--- Supplied data Enclosed Below ---

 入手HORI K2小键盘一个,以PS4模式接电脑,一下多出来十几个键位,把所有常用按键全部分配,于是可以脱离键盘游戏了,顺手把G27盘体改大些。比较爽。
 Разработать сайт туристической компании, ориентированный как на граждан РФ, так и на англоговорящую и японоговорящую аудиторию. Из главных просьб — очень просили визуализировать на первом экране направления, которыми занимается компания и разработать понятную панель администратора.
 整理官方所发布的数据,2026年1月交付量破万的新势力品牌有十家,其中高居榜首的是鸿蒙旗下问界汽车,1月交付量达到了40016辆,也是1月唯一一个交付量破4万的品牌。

--- End of Enclosed Supplied data ---
--- Supplied data Enclosed Below ---

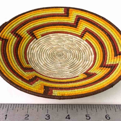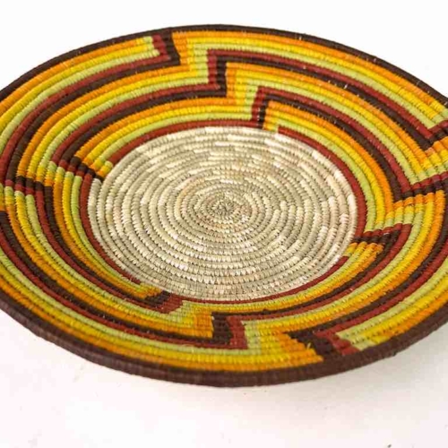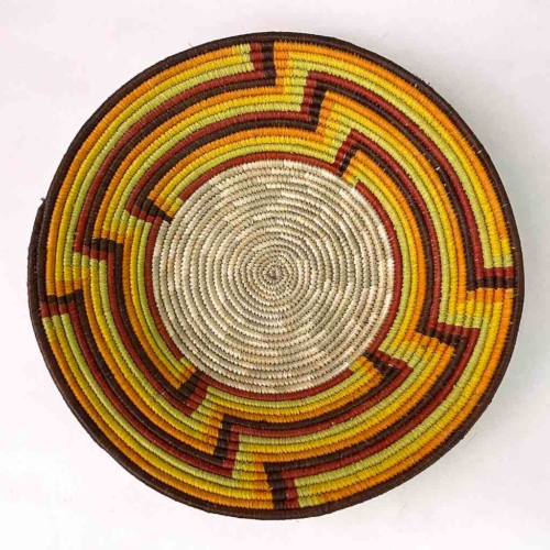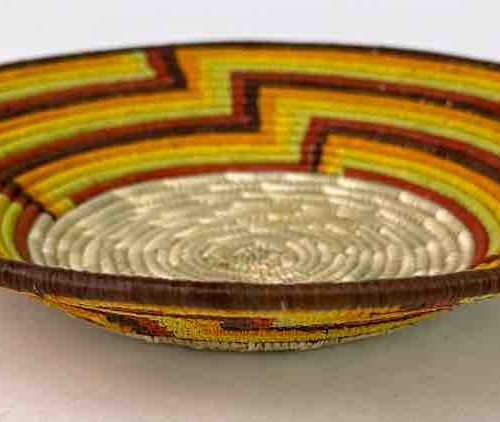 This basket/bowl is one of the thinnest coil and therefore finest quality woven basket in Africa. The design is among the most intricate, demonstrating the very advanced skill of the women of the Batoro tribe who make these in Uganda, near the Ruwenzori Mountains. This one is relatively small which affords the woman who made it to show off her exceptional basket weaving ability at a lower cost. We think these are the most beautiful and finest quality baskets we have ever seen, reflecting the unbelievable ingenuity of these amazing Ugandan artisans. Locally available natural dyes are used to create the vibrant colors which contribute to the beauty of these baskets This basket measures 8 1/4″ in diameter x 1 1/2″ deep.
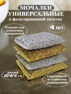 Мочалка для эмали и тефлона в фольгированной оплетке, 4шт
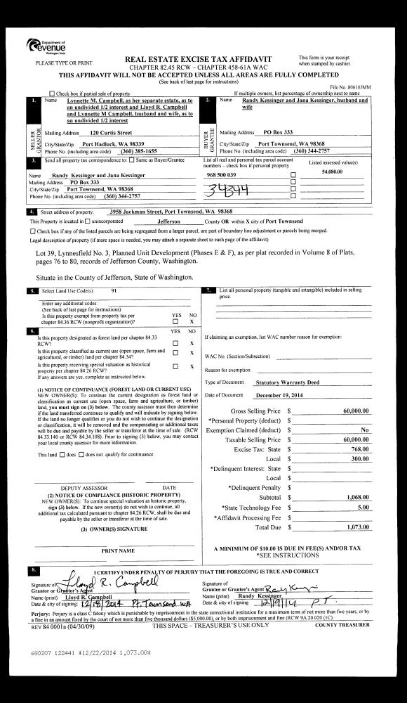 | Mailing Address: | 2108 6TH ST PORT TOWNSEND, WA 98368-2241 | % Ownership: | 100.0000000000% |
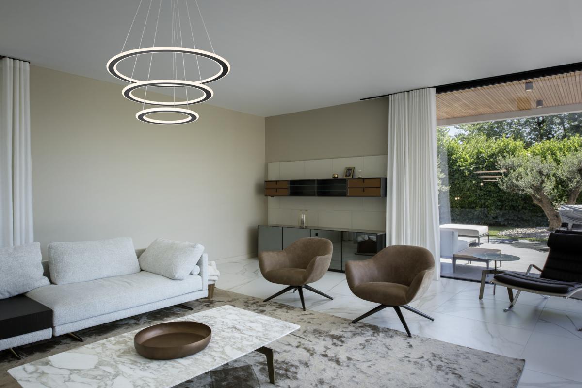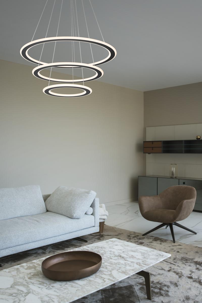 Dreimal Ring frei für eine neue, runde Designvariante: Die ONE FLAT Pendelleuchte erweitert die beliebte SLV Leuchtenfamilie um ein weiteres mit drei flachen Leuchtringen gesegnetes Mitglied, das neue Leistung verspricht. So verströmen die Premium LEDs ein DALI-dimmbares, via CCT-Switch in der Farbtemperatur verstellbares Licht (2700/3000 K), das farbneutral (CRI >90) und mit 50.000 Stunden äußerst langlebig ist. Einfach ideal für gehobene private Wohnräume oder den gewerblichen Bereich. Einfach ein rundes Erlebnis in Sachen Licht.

--- End of Enclosed Supplied data ---

Task objective: What are the lines, exactly as written above, from the line with "入手HORI K2小键盘一个" to the line with "整理官方所发布的数据,202", both included? Output only those.

Problem solution:
 入手HORI K2小键盘一个,以PS4模式接电脑,一下多出来十几个键位,把所有常用按键全部分配,于是可以脱离键盘游戏了,顺手把G27盘体改大些。比较爽。
 Разработать сайт туристической компании, ориентированный как на граждан РФ, так и на англоговорящую и японоговорящую аудиторию. Из главных просьб — очень просили визуализировать на первом экране направления, которыми занимается компания и разработать понятную панель администратора.
 整理官方所发布的数据,2026年1月交付量破万的新势力品牌有十家,其中高居榜首的是鸿蒙旗下问界汽车,1月交付量达到了40016辆,也是1月唯一一个交付量破4万的品牌。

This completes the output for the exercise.